» What is expected: Transcribe exactly the lines from the one containing "A woman in a" through the end of the data, both included. Leave out pictures.

(Saved entries)
....
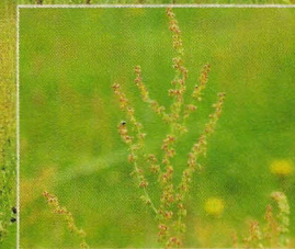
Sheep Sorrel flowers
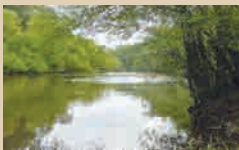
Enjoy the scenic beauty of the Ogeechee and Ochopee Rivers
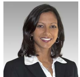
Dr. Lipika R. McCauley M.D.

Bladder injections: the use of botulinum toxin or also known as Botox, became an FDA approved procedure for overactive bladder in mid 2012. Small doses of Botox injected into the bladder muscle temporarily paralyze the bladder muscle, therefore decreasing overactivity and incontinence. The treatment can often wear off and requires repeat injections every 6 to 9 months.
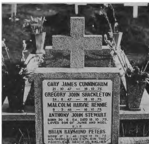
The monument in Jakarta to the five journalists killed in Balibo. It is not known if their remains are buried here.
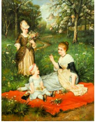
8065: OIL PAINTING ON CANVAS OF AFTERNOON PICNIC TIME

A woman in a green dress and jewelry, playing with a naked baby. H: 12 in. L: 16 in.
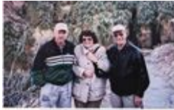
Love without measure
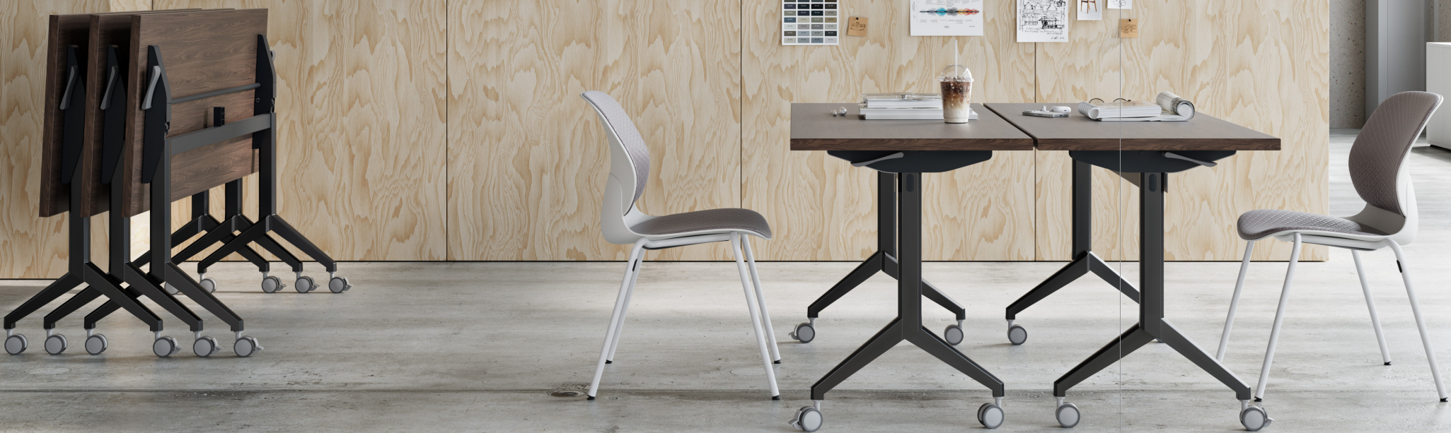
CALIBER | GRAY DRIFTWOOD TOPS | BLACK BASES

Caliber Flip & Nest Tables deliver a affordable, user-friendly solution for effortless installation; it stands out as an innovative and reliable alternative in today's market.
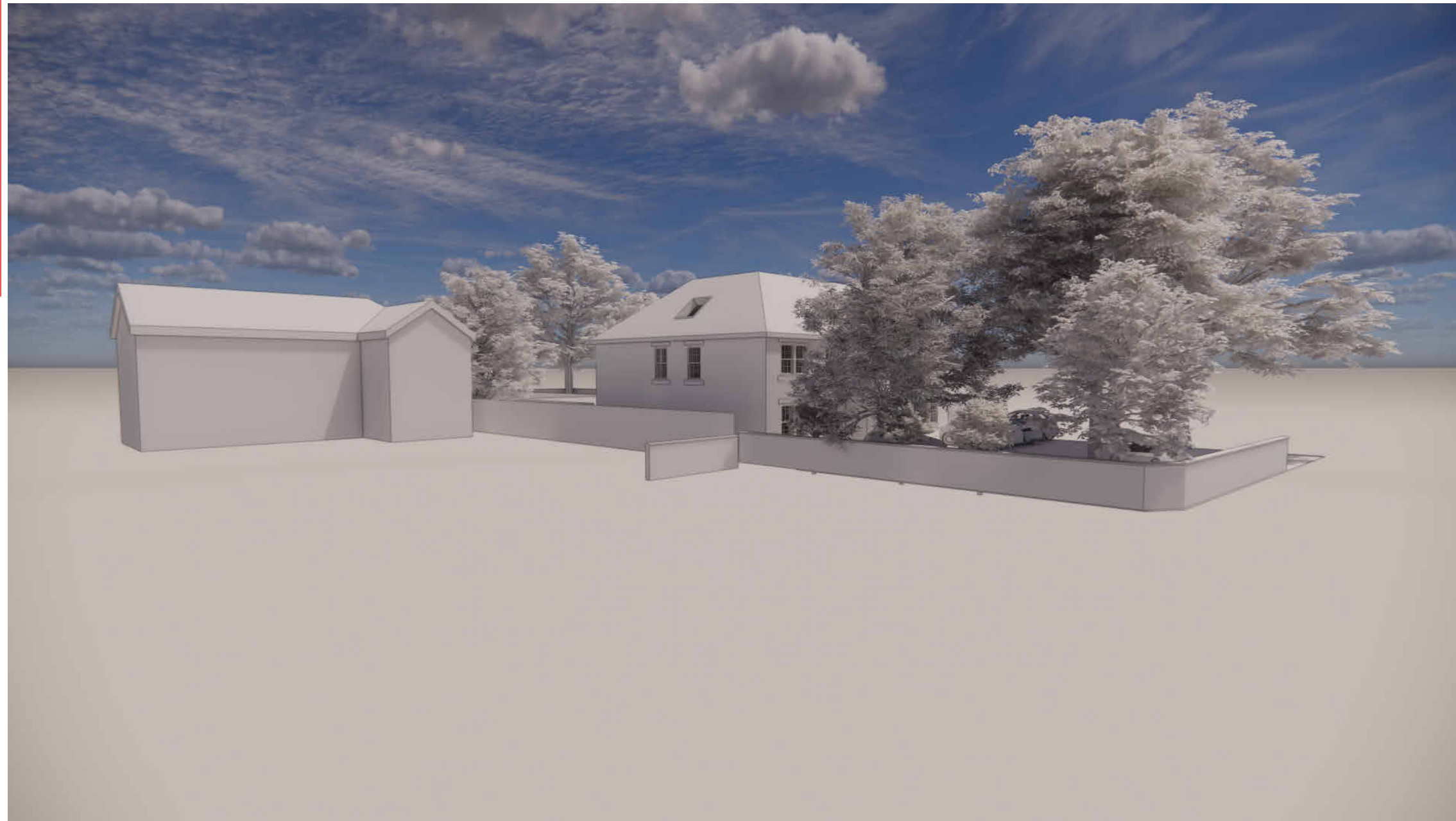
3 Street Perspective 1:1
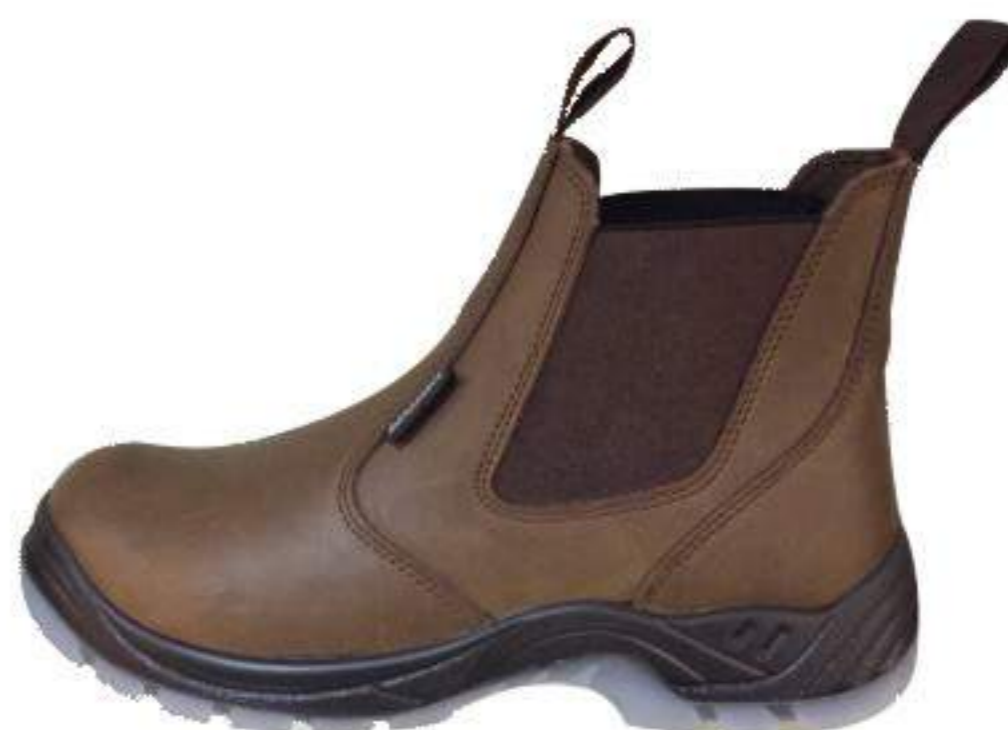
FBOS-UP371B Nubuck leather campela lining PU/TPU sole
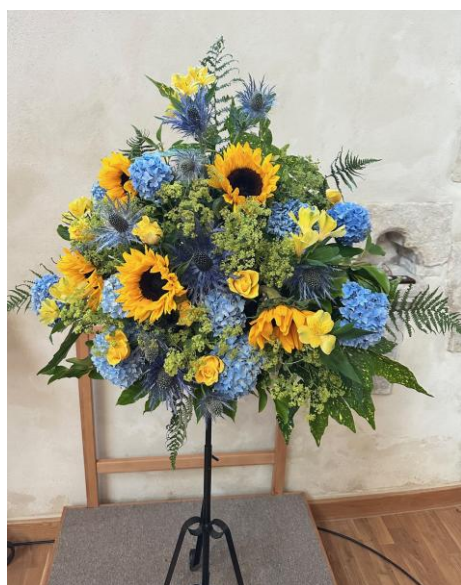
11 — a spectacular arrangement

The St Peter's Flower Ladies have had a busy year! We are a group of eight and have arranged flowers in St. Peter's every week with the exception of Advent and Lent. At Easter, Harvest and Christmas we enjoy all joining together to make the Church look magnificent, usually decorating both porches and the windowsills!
....
» Your solution:
A woman in a green dress and jewelry, playing with a naked baby. H: 12 in. L: 16 in.
Love without measure
CALIBER | GRAY DRIFTWOOD TOPS | BLACK BASES

Caliber Flip & Nest Tables deliver a affordable, user-friendly solution for effortless installation; it stands out as an innovative and reliable alternative in today's market.
3 Street Perspective 1:1
FBOS-UP371B Nubuck leather campela lining PU/TPU sole
11 — a spectacular arrangement

The St Peter's Flower Ladies have had a busy year! We are a group of eight and have arranged flowers in St. Peter's every week with the exception of Advent and Lent. At Easter, Harvest and Christmas we enjoy all joining together to make the Church look magnificent, usually decorating both porches and the windowsills!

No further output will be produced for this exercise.